Finding Time Expressions

Overview

ClarityNLP includes a module that locates time expressions in clinical text. By ‘time expression’ we mean a string such as 9:41 AM, 05:12:24.12345, or something similar. The TimeFinder module scans sentences for time expressions, extracts them, and generates output in JSON format.

Source Code

The source code for the time finder module is located in nlp/algorithms/finder/time_finder.py.

Inputs

A single string, the sentence to be scanned for time expressions.

Outputs

A JSON array containing these fields for each time expression found:

Field Name Explanation
text string, text of the complete time expression
start integer, offset of the first character in the matching text
end integer, offset of the final character in the matching text plus 1
hours integer hours
minutes integer minutes
seconds integer seconds
fractional_seconds string, contains digits after decimal point, including any leading zeros
am_pm string, either STR_AM or STR_PM (see values below)
timezone string, timezone code
gmt_delta_sign sign of the UTC offset, either ‘+’ or ‘-’
gmt_delta_hours integer, UTC hour offset
gmt_delta_minutes integer, UTC minute offset

All JSON results contain an identical number of fields.
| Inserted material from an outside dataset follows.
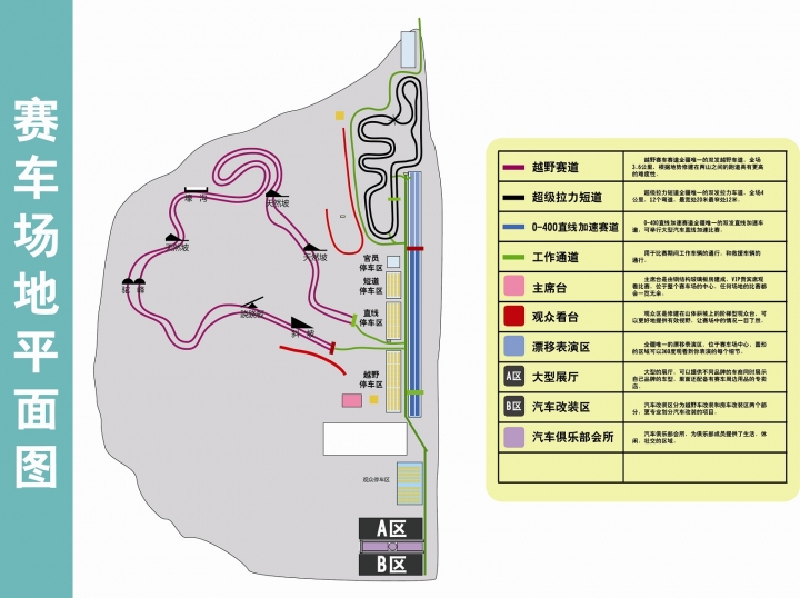 短道拉力赛道:赛道设计为双发赛道,单条赛道的长度大概1250米左右,在赛道有设置立交桥对A/B赛道进行错位换道竞技,参赛车辆必须A/B赛道完成2圈赛事;
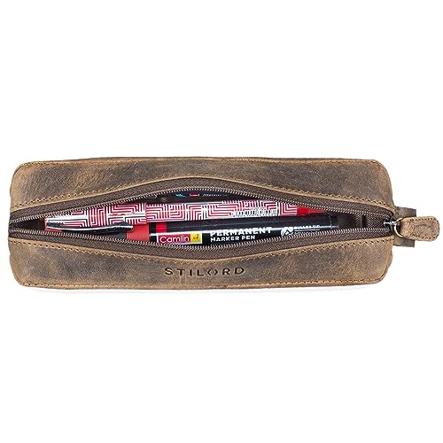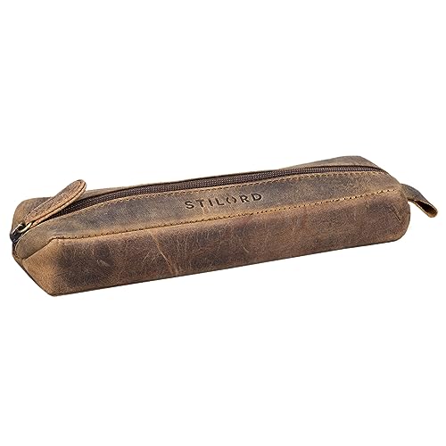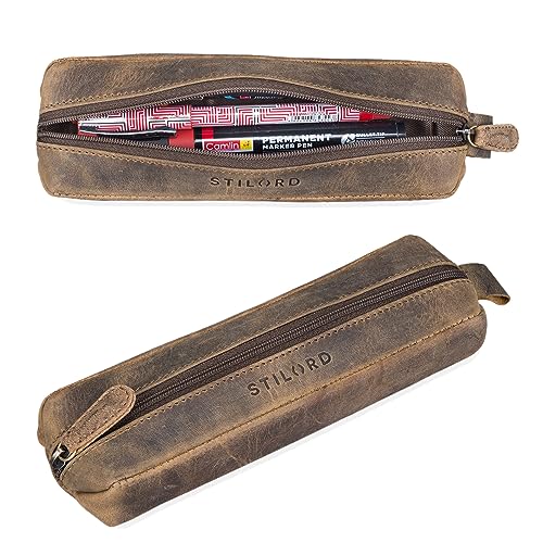 STILORD 'Quinn' Astuccio in pelle vintage | Porta penne, matite, pennelli, righelli, gomma etc. | in vera pelle di vitello

Any fields that are not valid for a given time expression will have a value of EMPTY_FIELD and should be ignored.

Algorithm

ClarityNLP uses a set of regular expressions to recognize time expressions. The time_finder module scans a sentence with each time-finding regex and keeps track of any matches. If any matches overlap, an overlap resolution process is used to select a winniner. Each winning match is converted to a TimeValue namedtuple. This object is defined at the top of the source code module and can be imported by other Python code. Each namedtuple is appended to a list as the sentence is scanned. After scanning completes, the list of TimeValue namedtuples is converted to JSON and returned to the caller.

Time Expression Formats

Using notation similar to that used by the PHP time reference, as well as the Wikipedia article on ISO 8601 formats, we define the following quantities:

Shorthand Meaning
h hour digit, 0-9
h12 12 hr. clock, hours only, 0-9
h24 24 hr. clock, hours only, zero-padded, 00-24
m minutes digit, 0-9
mm minutes, zero-padded, 00-59
ss seconds, zero-padded 00-60 (60 means leap second)
am_pm am or pm designator, can be am or pm, either lower or upper case, with each letter optionally followed by a . symbol
t either t or T
f fractional seconds digit
? optional
utc_time hh, hh:mm, hhmm, hh:mm:ss, hhmmss, hh:mm:ss.ffffff, hhmmss.ffffff

With these definitions, the time expression formats that ClarityNLP recognizes are:

Time Expression Format Examples
utc-timeZ 10:14:03Z
utc_time+-hh:mm 10:14:03+01:30, 10:14:03-01:30
utc_time+-hhmm 10:14:03+0130, 10:14:03-0130
utc_time+-hh 10:14:03+01, 10:14:03-01
YYYY-MM-DDTHH:MM:SS(.ffffff)? 1969-07-20T10:14:03.123456
(here MM:SS means minutes and seconds)  
h12 am_pm 4 am, 5PM, 10a.m., 9 pm.
h12m am_pm 5:09 am, 9:41 P.M., 10:02 AM.
h12ms am_pm 06:10:37 am, 10:19:36P.M., 1:02:03AM
h12msf 7:11:39:012345 am, 11:41:22.22334 p.m.
h12m 4:08, 10:14, and 11:59
t?h24m 14:12, 01:27, 10:27, T23:43
t?h24ms 01:03:24, T14:15:16
t?h24msf 04:08:37.81412, 19:20:21.532453, 08:11:40:123456
t?hhmm 0613, t0613
t?hhmmss 232120, 120000
t?h24ms with timezone abbreviation 040837CEST, 112345 PST, T093000 Z
t?h24ms with GMT offset T192021-0700, 14:45:15+03:30

A list of world time zone abbreviations can be found here. ClarityNLP supports this list as well as Z, meaning “Zulu” or UTC time.